Available data:

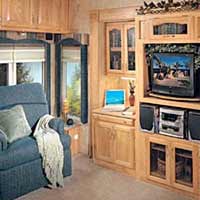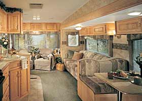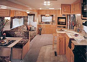 И оказалось, что никакому буржуйскому лимузину с этими фургонами не сравниться! Сверкающие "лимо" при всей своей кажущейся презентабельности-люкс рядом с трейлером просто бледнеют и меркнут, и кажутся даже еще более бесполезными. Потому что внутри трейлер - это просто дворец! Вилла на колесах! В нем предусмотрено все, что только можно пожелать - от кухни (с плитой, микроволновкой и холодильником), душа/туалета (ничуть не хуже, чем в доме ;-)) и спальни с кроватью queen-size, - до дополнительных супер-прибамбасов, которые вы уже можете выбрать по желанию сами
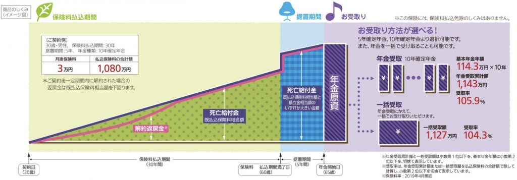 保険料を20〜40年の範囲で支払い、0〜5年の範囲で寝かせて、定額年金として5年間か10年間で受け取っていく保険商品です。これと言って特徴はなく、払込期間、据置期間、年金受取方法の選択肢が少ないです。もちろん、利率はめちゃくちゃ低いです。
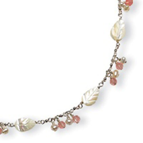 Sterling Silver Freshwater Cultured Pearl, Mother Of Pearl & Cherry Quartz Necklace
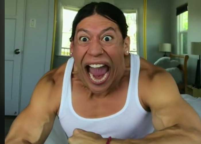 Pues ahora este joven, quien vive aparentemente en Los Angeles, Estados Unidos; hace la mímica de esta frase junto con una música intensa, mientras hace unas poses desafiantes pero divertidas a la vez. ¡Ah! Y ese grito del final es la cereza del pastel.
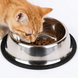 • A set of two stainless steel pet food bowls, suitable for puppies, adult dogs, cats, or kittens.
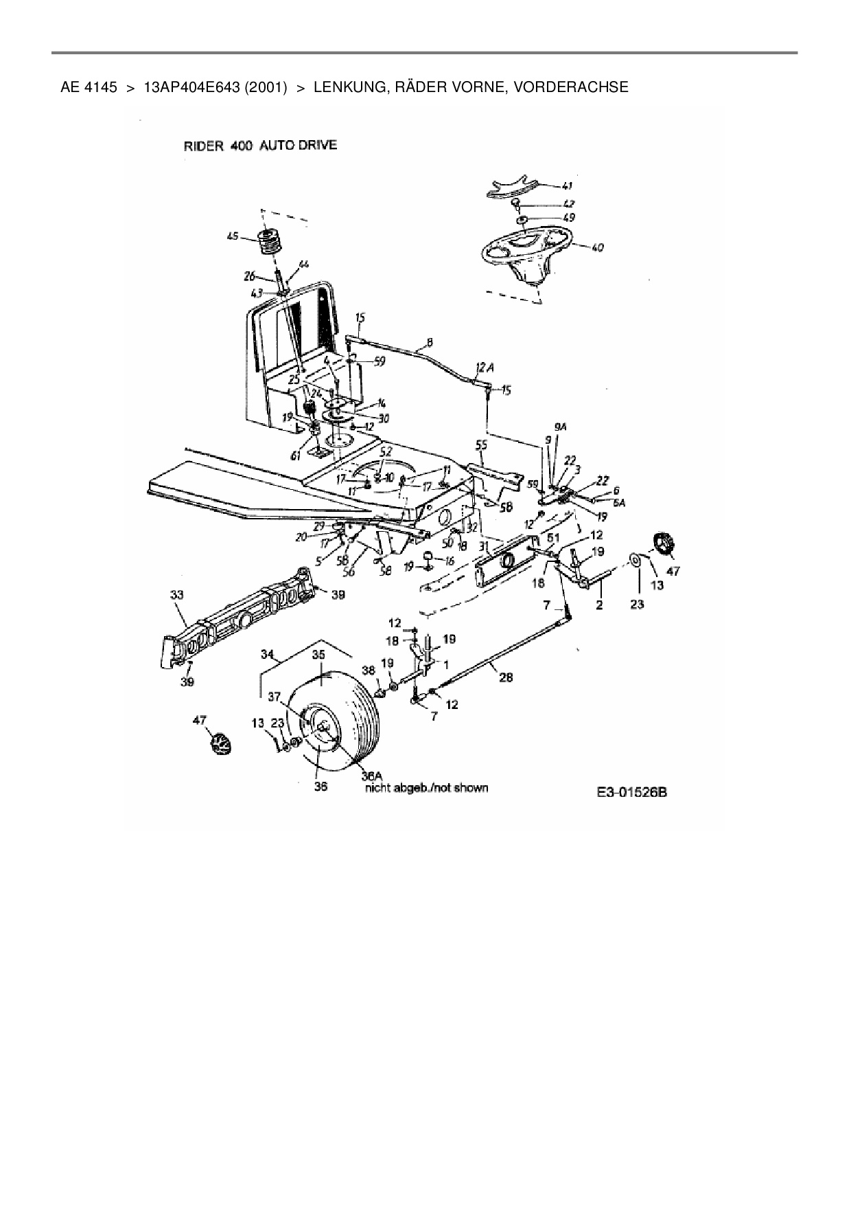 Ersatzteile für Rasentraktor Yard-Man AE 4145 aus der Zeichnung Lenkung, Räder vorne, Vorderachse:
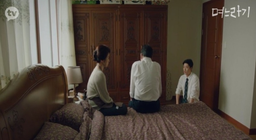 방에 들어가서 쉬어라고 하고 며느리 보고는 편안한 옷 입고 슬슬 준비하자고 합니다..
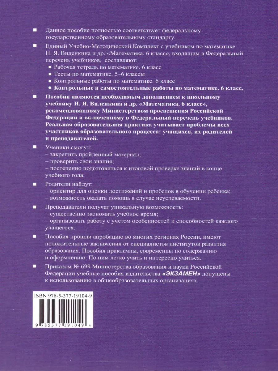 Пособие является необходимым дополнением к школьному учебнику Н. Я. Виленкина и др. "Математика. 6 класс", рекомендованному Министерством образования и науки Российской Федерации и включенному в Федеральный перечень учебников.
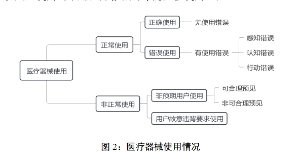 如图2所示,医疗器械使用情况可分为正常使用和非正常使用,其中正常使用是指用户按照说明书要求及常识惯例操作医疗器械,反之即为非正常使用。
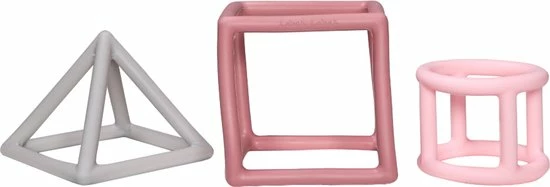 Wat zal je kleine een speelplezier beleven met deze leuke geometrische bijtringen van Label Label! De bijtvormen zijn gemaakt van silicone.
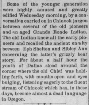 Not too far into the post-frontier period, Chinuk Wawa was already a curiosity just outside Grand Ronde…
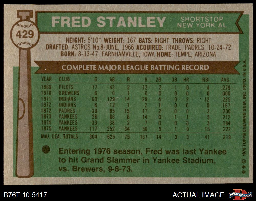 1976 Topps #429 Fred Stanley 7 - NM
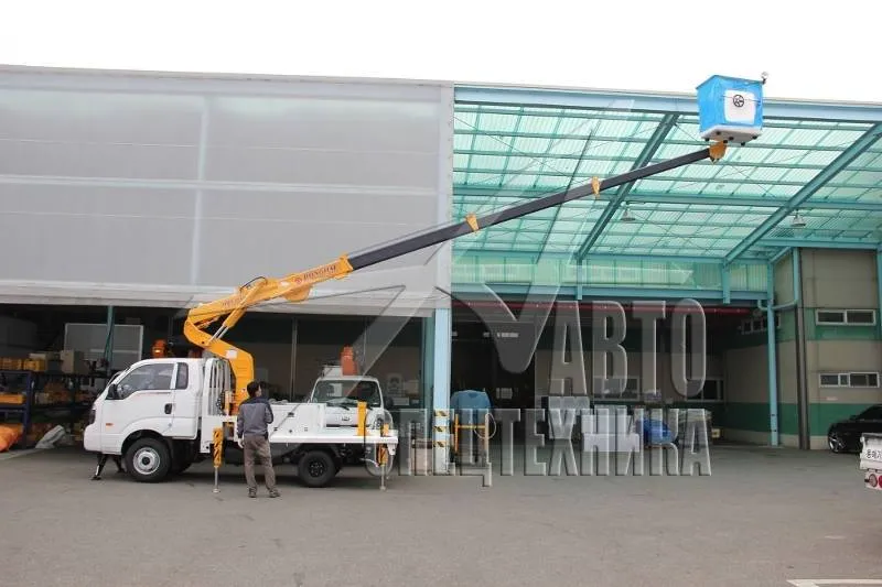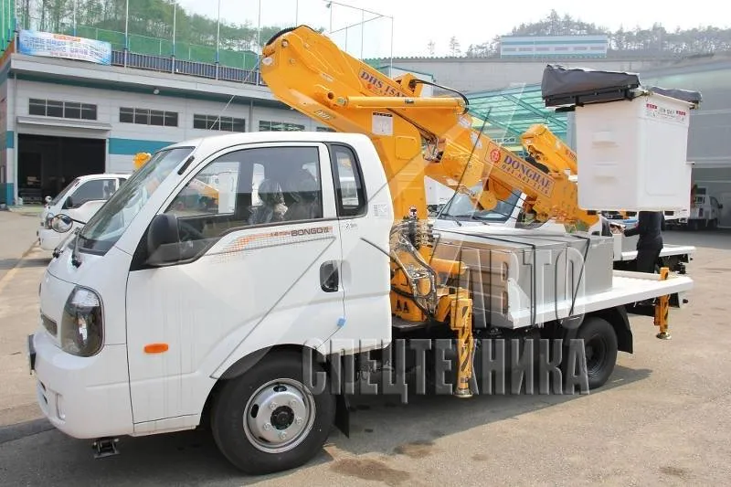 Автовышка Donghae DHS15AP корейского производителя Donghae Machinery подходит для работ в сферах городского и коммунального хозяйства в Сочи: выполнение электромонтажных работ, монтаж рекламных щитов и конструкций, ремонт кабельных линий. Также может использоваться в строительных работах. Она состоит из бортовой платформы и крановой установки с рабочей высотой стрелы 14,5 м.

To do: The lines from the start of the data through the line that contains "Pues ahora este" are to be returned exactly, please, with both ends included and every picture left out.

Answer space:
 И оказалось, что никакому буржуйскому лимузину с этими фургонами не сравниться! Сверкающие "лимо" при всей своей кажущейся презентабельности-люкс рядом с трейлером просто бледнеют и меркнут, и кажутся даже еще более бесполезными. Потому что внутри трейлер - это просто дворец! Вилла на колесах! В нем предусмотрено все, что только можно пожелать - от кухни (с плитой, микроволновкой и холодильником), душа/туалета (ничуть не хуже, чем в доме ;-)) и спальни с кроватью queen-size, - до дополнительных супер-прибамбасов, которые вы уже можете выбрать по желанию сами
 保険料を20〜40年の範囲で支払い、0〜5年の範囲で寝かせて、定額年金として5年間か10年間で受け取っていく保険商品です。これと言って特徴はなく、払込期間、据置期間、年金受取方法の選択肢が少ないです。もちろん、利率はめちゃくちゃ低いです。
 Sterling Silver Freshwater Cultured Pearl, Mother Of Pearl & Cherry Quartz Necklace
 Pues ahora este joven, quien vive aparentemente en Los Angeles, Estados Unidos; hace la mímica de esta frase junto con una música intensa, mientras hace unas poses desafiantes pero divertidas a la vez. ¡Ah! Y ese grito del final es la cereza del pastel.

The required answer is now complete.